Inmegen rastrea el mapa genético de superbacterias para frenar la resistencia a antibióticos
Inmegen impulsa análisis genómico para combatir resistencia de bacterias a antibióticos
CIUDAD DE MÉXICO.— El avance de la resistencia antimicrobiana (RAM) obliga a la ciencia a jugar un paso adelante de la evolución bacteriana.

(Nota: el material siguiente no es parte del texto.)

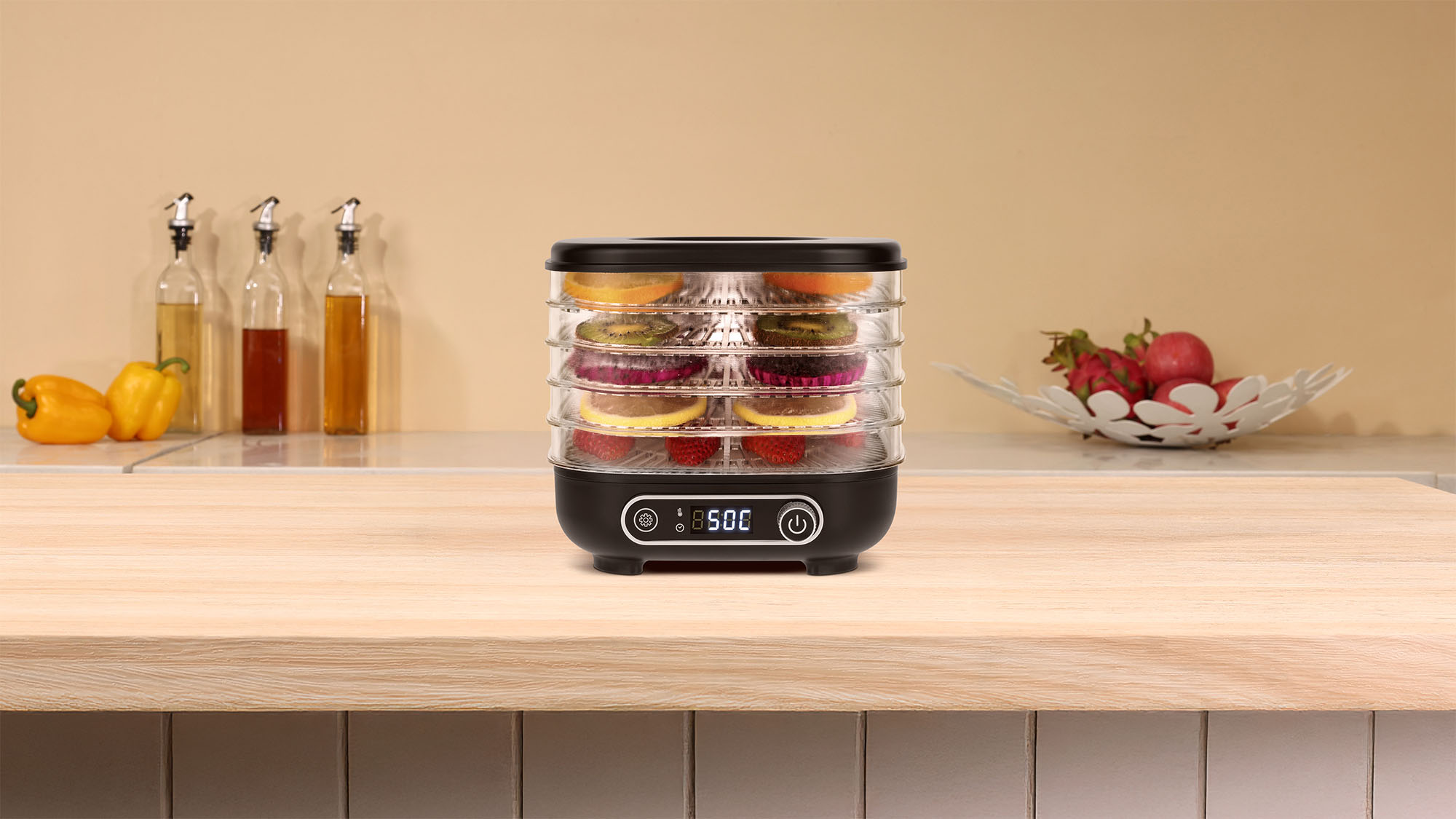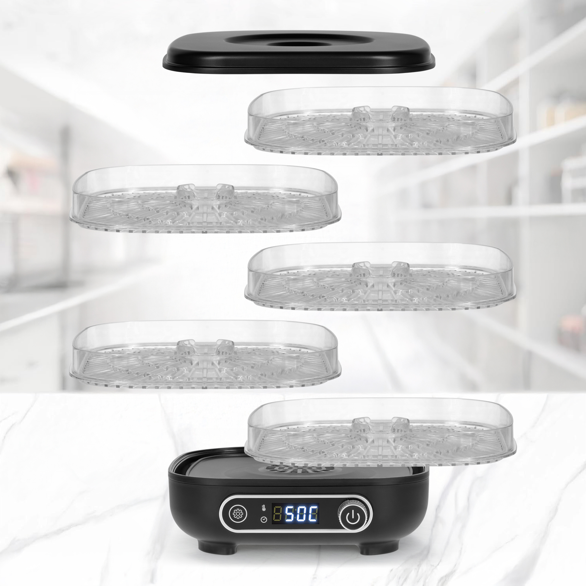 Deshidratorul de alimente Teesa ofera pana la 5 niveluri de uscare, ceea ce iti permite sa prepari mai multe produse in acelasi timp. Sitele transparente iti dau posibilitatea sa vizualizezi procesul fara a intrerupe lucrul, ceea ce iti permite sa mentii o temperatura constanta si sa economisesti energie.
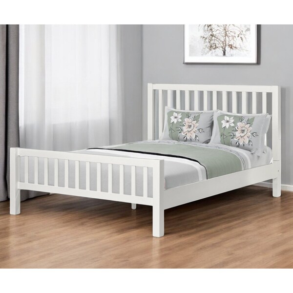 Create a haven for relaxation and sweet dreams with this fabulous white slat back solid wood queen bed frame. This stylish platform bed features a slat style headboard and footboard. We spend so much time in our bedrooms, thus making quality craftsmanship and good looks vitally important. This bed is the perfect way to make your bedroom comfortable and inviting. 43.3-inch h x 85.4-inch w x 63-inch d.
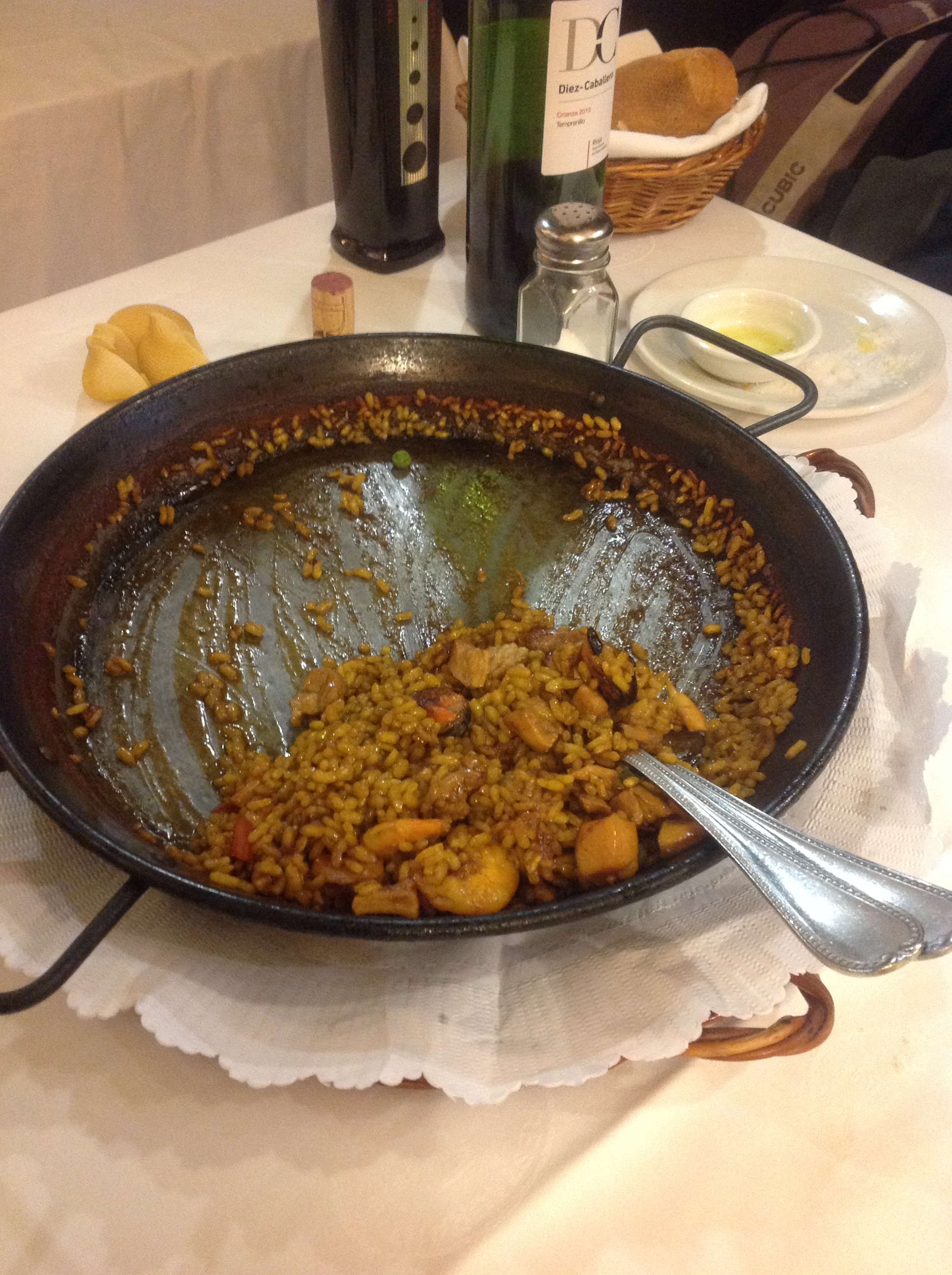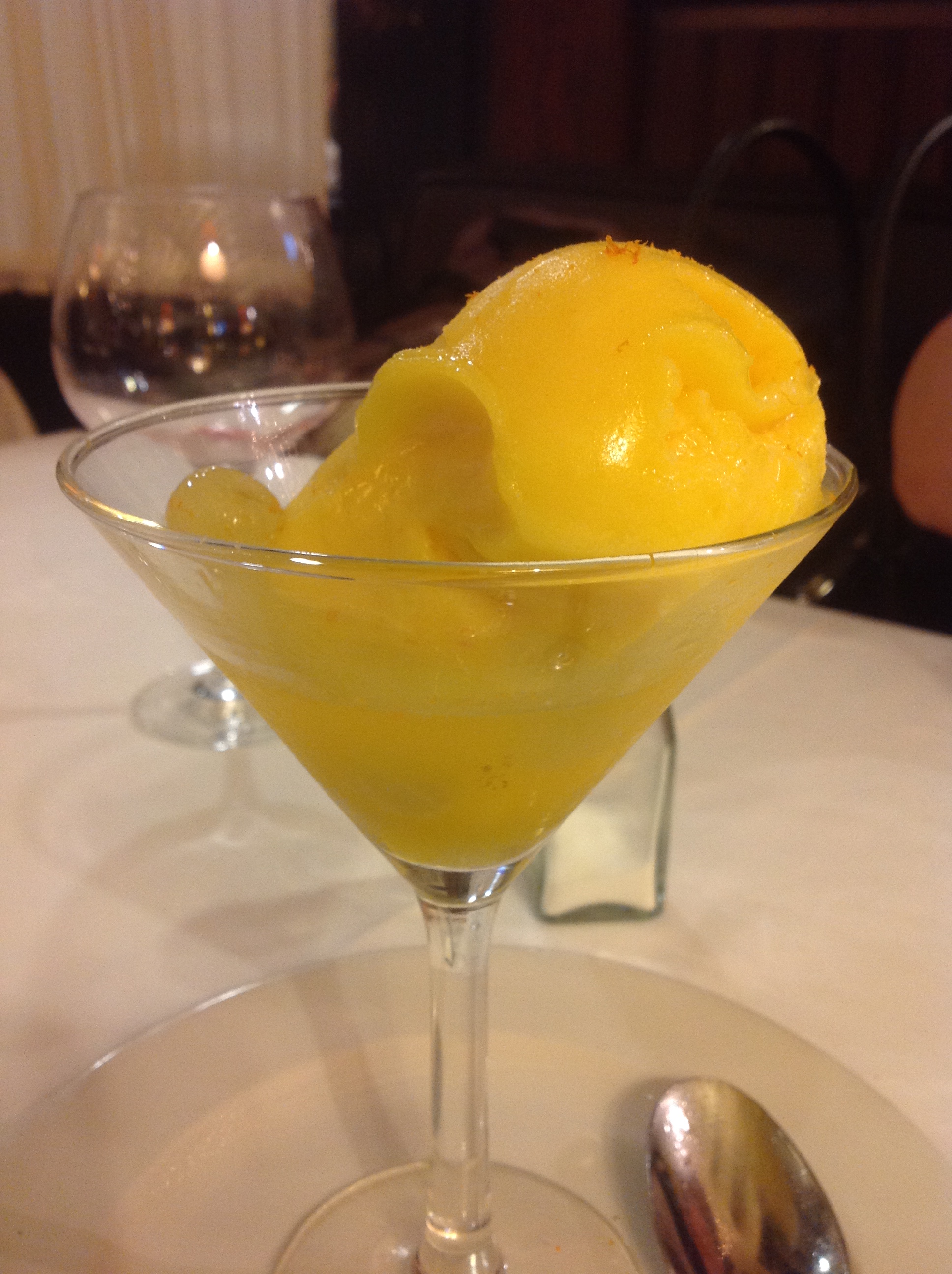 Our main course was paella Parellada (named after Paco Parellada who took over the restaurant in 1942 and whose family continue to run it today) with both meat and fish. Since we’re not in Valencia I figured we could mix the two! Overall the dish was OK, but lacked socarrat – the caramelized crust – which is the sign of a good paella, or good paella chef. We finished dinner with a very refreshing mandarin and champagne sorbet which was smooth and bursting with fruit flavour.
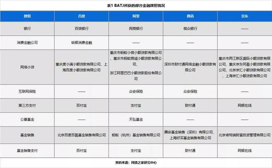 从BATJ目前已获得的金融牌照来看,

Científicos del Instituto Nacional de Medicina Genómica (Inmegen) desarrollan proyectos de vigilancia genómica para descifrar las mutaciones y el intercambio de ADN con el que los patógenos evaden los fármacos disponibles.
La investigación central se enfoca en el «Fortalecimiento de la Vigilancia Genómica de Acinetobacter baumannii en Latinoamérica». Bajo la dirección de los doctores en Ciencias Biomédicas Laura Lucila Gómez Romero y Alberto Cedro, este proyecto binacional —financiado por el Fondo Conjunto de Cooperación México-Chile— opera en alianza con el Hospital Juárez de México y la Universidad de Santiago de Chile.
Hasta el momento, el equipo multinacional ha secuenciado más de 100 aislados de bacterias multirresistentes en ambos países. El objetivo directo es identificar los determinantes genéticos de la RAM para contener brotes hospitalarios. El rastreo molecular del Inmegen también incluye patógenos críticos como Klebsiella pneumoniae, Staphylococcus aureus y Mycobacterium tuberculosis.
Especialistas advierten que la automedicación y el uso indiscriminado de antibióticos de amplio espectro en infecciones virales aceleran la supervivencia de estos microorganismos, limitando las opciones terapéuticas y encareciendo los costos de salud.